Aluminum Flux: We supply fluxes for all types of aluminum joining: soldering, brazing and welding. We offer the broadest range of aluminum soldering fluxes on the market.
Brazing Flux: Our brazing fluxes are broken down according to application. See our general purpose Silver Brazing White Flux Paste, and our High-Temp Black Brazing Flux Paste. We have a particularly strong line-up of Carbide Brazing Flux Paste. The Brazing Flux section also includes a wide variety of additional brazing applications, such as aluminum brazing and jewelry brazing.
Welding Flux: As with the other categories, welding is broken down according to application. Our Anti-Borax Fluxes division has been selling welding flux to blacksmiths for over a century.
Tube Welding Flux: Our tube welding fluxes offer stainless steel tube fabricators an opportunity to greatly reduce defects and potentially eliminate the use of costly argon and other inert gases in tube welding applications.
RubyFluid Flux: In 2010 Superior Flux purchased the RubyFluid Flux line. We are proud to manufacture this line of soldering flux that has been a favorite among roofers, artisans, plumbers and other assemblers for over a century.
Step 4 – You’ve reviewed the web page and still can’t determine which flux to use?

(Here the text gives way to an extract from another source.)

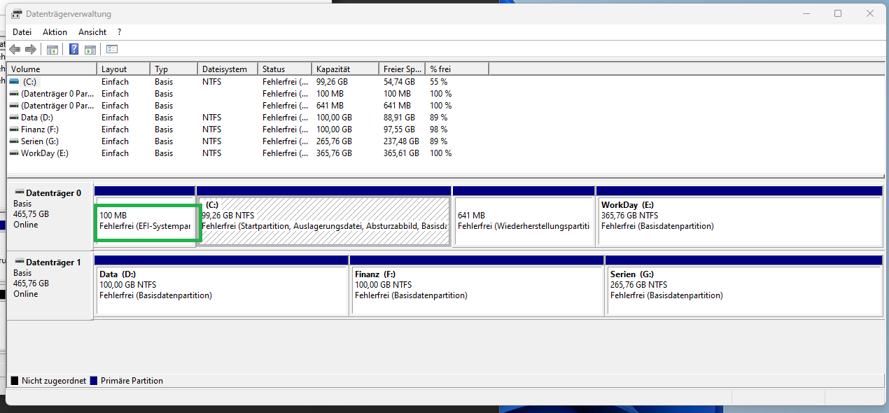 Da dein DT Screenshot nicht alles zeigt, steht da vorne Fehlerfrei (EFI-System) ?
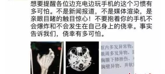 2月1日上午,一张手机爆炸八岁小孩手掌被炸烂的朋友圈截图在微信群疯传,警示大家不要边充电边玩手机,该微信用户提到一起发生在自己身边的案例,让人看来触目惊心。这条朋友圈的图文截图虽然与事实有部分出入,但这种每天在身边的致命危险确实应该引起大家的重视。

Try one of one of the following tools we have designed to help you pick the right flux:
Flux by Application – An easy-to-use flux chart that matches fluxes with applications.

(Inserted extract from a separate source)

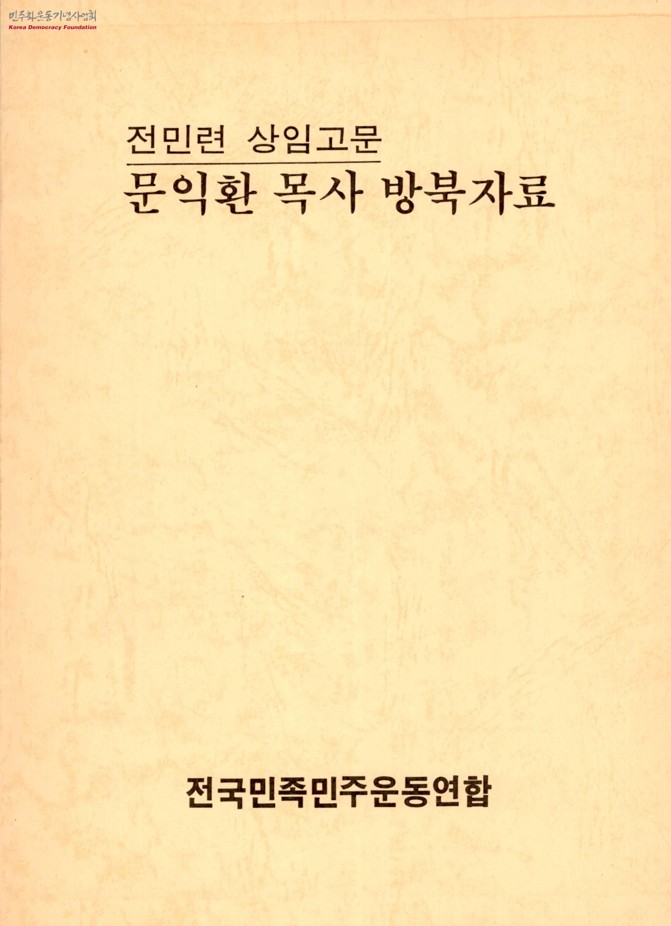 - 민족통일해방인 문익환 목사 약전, 문익환 목사 방북 성명서 전문, 문익환 목사 성명서 관련 기사 스크랩, 문익환 목사 신년시, 문익환 목사가 작성한 '연방제 통일의 3단계 과정' 글, 문익환 고문의 평양 방문에 관한 전민련의 발표문, 문익환 목사의 북부조국 방문을 적극 지지하는 범민족대회 북미주 추진본부 등 3개 연합의 입장문 등으로 구성된 문서

Flux by Specification – A chart that lists fluxes per various industry and/or government specifications.
Flux by Name – A chart to help find more information about a flux where you know the part number.
Don’t hesitate to call (+01) 440.349.3000, fax (+01) 440-349-3003 or e-mail (firstname.lastname@example.org). We’re here to help. Sometimes a phone conversation or e-mail is all it takes for us to identify the right flux.
In some cases we ask customers to send us components, and we experiment with them in our laboratory to determine the optimum metal joining process. Often we not only recommend which flux to use, but make recommendations on solder alloy, base metal and the actual metal joining process. We have a lot of experience with metal joining and are happy to offer our expertise.
It is also not uncommon for us, depending on the application and location, to send a metal joining specialist to your factory floor to analyze your specific metal joining process for the purpose of recommending a flux solution. We also offer Flux Consulting and Lab Services in which we provide in depth professional analysis of your metal joining processes at your site or professionally analyze your joining or tinning applications in our laboratory.
Step 5 – Sampling and Opening an Account
As a matter of policy, we don’t send out free samples. We do however sell flux in small test quantities. We charge reasonable prices for these trial orders and can accept credit card payment.
First time orders are often made with credit cards, which enables us to supply new customers quickly. Opening a credit account with Superior Flux involves sending in credit references. Customers are given Net 30 terms according to credit assessments and ongoing credit worthiness, and Superior Flux always reserves the right to require prepayment for an order.
You will find the ordering process, regardless of order size, to be a pleasant and efficient experience. We ship the majority of our orders within two business days of receipt of order.